Using time.sleep can DoS an async application.
Will McGugan, author of Textual (an async framework) asked about what to do with this. Audit events came up. Adding an audit event for time.sleep sounds like a good idea.
But it won’t be a silver bullet:
3.13 is a long way away
As Steve mentioned in the Twitter thread, Python audit hooks run for all auditable events,
Maybe adding a “set of interesting events” argument to sys.audithook, and doing preliminary filtering in C, would be a good idea?
Unfortunately that’s nearly impossible. Coroutines are, by their nature, cooperative, so there’s really no way to block things from being done. The best solution would be some sort of watchdog thread. To expand on what Serhiy linked to from Matthew Rocklin, you can have a simple thread that just does this:
last_event_loop_time = time.time()
if time.time() - last_event_loop_time > 30:
async def loop_is_active():
last_event_loop_time = time.time()
(Adjust the thresholds as needed - eg if even a single second of event loop lag is a problem, reduce those times and pay a bit more overhead.)
What you do in raising the alarm is up to you, but I’d be inclined to look in the direction of asyncio.current_task(), and possibly the Task object’s print_stack() method, although I have yet to use either.

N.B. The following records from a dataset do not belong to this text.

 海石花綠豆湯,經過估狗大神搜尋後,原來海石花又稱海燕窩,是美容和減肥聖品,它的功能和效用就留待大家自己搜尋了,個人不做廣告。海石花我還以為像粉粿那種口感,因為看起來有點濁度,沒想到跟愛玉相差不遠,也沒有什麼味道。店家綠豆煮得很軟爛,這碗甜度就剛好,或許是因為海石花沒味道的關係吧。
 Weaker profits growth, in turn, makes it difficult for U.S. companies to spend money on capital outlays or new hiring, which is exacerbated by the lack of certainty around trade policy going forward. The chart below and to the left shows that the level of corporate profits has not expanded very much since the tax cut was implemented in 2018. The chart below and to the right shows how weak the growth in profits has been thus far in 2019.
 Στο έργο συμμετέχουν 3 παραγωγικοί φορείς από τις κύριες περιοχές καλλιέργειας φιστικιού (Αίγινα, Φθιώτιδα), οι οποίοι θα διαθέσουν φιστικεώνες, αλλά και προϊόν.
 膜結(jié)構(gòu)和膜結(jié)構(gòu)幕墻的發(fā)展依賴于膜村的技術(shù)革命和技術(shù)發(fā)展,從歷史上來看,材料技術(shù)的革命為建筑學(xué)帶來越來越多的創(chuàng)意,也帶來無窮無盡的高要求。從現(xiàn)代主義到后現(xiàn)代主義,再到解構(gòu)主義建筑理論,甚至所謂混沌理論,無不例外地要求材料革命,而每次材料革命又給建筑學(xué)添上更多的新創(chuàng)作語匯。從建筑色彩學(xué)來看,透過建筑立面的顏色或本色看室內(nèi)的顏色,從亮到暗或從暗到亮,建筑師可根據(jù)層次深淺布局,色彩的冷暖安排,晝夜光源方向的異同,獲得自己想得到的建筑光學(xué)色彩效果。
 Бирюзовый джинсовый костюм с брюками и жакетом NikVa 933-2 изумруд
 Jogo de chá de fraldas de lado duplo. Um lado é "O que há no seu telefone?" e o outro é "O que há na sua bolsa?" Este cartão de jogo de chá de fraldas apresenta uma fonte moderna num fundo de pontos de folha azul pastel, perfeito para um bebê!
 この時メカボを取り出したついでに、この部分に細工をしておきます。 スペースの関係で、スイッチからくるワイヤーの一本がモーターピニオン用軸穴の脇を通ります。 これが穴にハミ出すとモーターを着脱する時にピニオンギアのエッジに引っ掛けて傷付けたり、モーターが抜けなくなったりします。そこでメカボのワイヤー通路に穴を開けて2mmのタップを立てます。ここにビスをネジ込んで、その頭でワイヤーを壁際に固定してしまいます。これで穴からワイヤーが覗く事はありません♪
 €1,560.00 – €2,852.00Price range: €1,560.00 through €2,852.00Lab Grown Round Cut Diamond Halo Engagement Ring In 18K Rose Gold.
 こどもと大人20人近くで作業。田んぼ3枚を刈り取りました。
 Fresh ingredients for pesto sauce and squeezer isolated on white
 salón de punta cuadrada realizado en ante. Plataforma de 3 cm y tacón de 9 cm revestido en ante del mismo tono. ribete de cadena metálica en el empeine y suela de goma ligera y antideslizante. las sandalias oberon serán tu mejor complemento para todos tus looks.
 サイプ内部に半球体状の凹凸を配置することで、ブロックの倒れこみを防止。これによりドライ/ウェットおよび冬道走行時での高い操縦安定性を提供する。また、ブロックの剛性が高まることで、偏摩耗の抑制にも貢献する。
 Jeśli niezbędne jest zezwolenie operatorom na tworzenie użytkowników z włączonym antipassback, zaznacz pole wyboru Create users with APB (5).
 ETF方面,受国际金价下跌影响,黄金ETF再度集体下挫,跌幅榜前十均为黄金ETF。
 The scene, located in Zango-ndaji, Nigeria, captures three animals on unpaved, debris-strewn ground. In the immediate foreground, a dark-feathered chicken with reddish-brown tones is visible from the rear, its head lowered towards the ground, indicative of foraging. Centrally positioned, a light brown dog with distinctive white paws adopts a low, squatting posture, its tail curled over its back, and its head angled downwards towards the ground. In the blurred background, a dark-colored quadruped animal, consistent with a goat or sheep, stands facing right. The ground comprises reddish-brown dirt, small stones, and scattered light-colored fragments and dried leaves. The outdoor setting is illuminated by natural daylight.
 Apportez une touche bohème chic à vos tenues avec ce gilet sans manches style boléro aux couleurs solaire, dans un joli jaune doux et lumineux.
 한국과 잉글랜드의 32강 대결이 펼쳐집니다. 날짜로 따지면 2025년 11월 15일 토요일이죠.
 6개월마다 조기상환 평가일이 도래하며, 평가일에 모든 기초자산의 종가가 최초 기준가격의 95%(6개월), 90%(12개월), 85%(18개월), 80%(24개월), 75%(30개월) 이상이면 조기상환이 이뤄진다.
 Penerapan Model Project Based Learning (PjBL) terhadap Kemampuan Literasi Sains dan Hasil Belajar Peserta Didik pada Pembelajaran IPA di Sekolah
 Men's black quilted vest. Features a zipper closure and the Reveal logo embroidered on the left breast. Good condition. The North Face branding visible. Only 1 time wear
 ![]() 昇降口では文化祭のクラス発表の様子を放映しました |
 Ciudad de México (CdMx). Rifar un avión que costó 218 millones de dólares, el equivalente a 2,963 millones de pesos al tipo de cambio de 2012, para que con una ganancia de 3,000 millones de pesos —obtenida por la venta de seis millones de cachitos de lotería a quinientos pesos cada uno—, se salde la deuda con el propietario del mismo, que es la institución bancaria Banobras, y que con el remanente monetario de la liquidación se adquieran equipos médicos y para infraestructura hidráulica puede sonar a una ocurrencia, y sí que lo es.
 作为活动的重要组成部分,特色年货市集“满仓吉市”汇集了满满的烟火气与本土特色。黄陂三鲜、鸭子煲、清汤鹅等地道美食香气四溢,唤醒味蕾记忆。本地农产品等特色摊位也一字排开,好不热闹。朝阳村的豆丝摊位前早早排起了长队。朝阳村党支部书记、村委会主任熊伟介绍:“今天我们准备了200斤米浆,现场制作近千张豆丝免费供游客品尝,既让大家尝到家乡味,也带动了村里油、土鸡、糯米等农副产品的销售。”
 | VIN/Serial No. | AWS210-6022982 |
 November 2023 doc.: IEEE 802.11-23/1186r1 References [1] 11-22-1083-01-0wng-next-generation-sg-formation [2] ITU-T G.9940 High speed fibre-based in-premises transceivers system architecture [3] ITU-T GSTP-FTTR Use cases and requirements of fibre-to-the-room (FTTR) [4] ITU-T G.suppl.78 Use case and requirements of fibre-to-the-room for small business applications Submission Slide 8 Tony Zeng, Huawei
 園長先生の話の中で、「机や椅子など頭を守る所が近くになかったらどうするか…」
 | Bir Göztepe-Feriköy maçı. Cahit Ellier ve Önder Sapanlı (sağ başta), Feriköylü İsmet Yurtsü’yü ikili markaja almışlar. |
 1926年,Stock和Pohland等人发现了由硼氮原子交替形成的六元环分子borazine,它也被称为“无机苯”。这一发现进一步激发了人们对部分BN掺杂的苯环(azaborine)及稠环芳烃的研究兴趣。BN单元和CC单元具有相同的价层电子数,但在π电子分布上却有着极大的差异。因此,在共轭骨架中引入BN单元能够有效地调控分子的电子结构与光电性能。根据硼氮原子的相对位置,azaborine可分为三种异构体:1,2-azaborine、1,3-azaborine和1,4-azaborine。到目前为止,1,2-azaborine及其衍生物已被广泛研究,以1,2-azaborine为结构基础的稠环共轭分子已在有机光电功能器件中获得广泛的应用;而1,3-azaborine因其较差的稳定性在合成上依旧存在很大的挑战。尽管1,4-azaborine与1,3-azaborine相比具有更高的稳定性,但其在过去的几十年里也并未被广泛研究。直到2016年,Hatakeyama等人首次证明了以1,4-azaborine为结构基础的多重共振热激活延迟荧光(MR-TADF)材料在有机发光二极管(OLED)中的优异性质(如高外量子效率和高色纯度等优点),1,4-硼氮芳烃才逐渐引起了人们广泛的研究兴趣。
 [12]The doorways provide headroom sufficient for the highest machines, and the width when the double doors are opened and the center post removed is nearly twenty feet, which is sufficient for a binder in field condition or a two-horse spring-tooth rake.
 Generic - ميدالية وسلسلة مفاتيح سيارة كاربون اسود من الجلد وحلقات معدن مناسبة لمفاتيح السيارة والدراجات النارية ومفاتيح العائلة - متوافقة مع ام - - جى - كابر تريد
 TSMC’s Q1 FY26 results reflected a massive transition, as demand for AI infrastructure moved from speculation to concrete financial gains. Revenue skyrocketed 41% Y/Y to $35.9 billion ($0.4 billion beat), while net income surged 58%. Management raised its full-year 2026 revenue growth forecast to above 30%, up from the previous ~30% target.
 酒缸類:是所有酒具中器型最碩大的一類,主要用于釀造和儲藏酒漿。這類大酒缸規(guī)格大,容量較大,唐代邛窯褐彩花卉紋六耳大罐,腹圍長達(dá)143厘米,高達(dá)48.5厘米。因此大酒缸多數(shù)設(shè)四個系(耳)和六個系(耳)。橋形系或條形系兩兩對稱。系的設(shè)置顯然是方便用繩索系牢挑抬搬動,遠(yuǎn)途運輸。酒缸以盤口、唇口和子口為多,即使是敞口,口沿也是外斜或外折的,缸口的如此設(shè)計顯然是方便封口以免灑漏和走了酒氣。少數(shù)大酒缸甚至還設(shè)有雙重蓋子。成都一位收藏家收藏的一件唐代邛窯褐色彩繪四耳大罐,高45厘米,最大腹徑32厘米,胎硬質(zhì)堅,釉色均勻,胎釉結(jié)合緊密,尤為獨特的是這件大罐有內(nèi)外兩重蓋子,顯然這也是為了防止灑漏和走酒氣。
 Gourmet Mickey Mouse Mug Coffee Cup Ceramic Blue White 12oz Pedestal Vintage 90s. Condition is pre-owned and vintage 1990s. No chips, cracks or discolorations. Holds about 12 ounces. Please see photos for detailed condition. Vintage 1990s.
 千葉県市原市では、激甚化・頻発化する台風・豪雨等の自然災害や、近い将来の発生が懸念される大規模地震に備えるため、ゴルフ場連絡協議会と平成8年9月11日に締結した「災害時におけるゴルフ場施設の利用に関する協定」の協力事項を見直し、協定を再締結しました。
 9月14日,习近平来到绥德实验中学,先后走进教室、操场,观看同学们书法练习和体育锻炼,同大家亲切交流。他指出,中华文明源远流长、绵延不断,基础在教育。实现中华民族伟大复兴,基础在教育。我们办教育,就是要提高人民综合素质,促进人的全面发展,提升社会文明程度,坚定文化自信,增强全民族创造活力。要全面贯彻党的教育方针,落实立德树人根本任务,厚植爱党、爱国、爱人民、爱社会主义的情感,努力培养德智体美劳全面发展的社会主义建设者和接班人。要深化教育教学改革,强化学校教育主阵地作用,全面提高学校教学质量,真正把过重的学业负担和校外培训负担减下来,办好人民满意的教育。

You also need to worry about anything else that might block. For example, gethostbyname can (and often will) block; writing to any file descriptor might block; and lots of other things could, under some circumstances, require that something get logged to a file or something, which could block.
If you ONLY want to force socket connections to check, I’d recommend monkeypatching that, but that isn’t a fully general solution.
Conversely, if you’re wanting to check for accidental bugs (calling time.sleep() when it should have been await asyncio.sleep() etc), static analysis might be sufficient, if you can identify the sorts of problems that you keep running into.
While asyncio aims at, well, IO, an event loop and cooperative async functions are also great for animation/simulation.
Textual is a UI framework that uses async under the hood. Additionally, it tries to be beginner-friendly: users don’t need to know anything about async concepts to start using it. If you write a function instead of a coroutine, Textual will just call it.
Unfortunately, as Will found out, beginner users often use time.sleep in their experiments as a substitute for doing work. “Don’t use sleep” is one async concept they need to know about – and there’s no good way to teach them.
Static analysis might help users, but it’s not useful for a framework.
Avoiding other blocking things like gethostname is important for IO throughput, but AFAIK isn’t that important for UI: if an animation freezes for a millisecond, you aren’t likely to notice it. And if it does become a problem, the project is more likely to be at a stage where it’s reasonable to reach for static analysis or a profiler.
Also: gethostname already has an auditing event! And so does opening files, so an async library might be able to complain about files opened without an async wrapper. (But, a watchdog or profiler might be a better solution for IO.)
That’s reasonable; in that case, I wouldn’t be averse to the framework monkeypatching a few prime targets like that, to help people notice problems.
Ahh… yes. Up until it’s not a millisecond but several seconds and your entire UI becomes completely nonresponsive. Unfortunately gethostbyname can be quite annoying to solve - your options are either bypass it and directly call on a DNS server (which forfeits the benefits of the hosts file and anything changed in nsswitch (where applicable)), or spin it off into a thread, which isn’t something people tend to stumble upon as a solution (and has its own overheads and potential issues).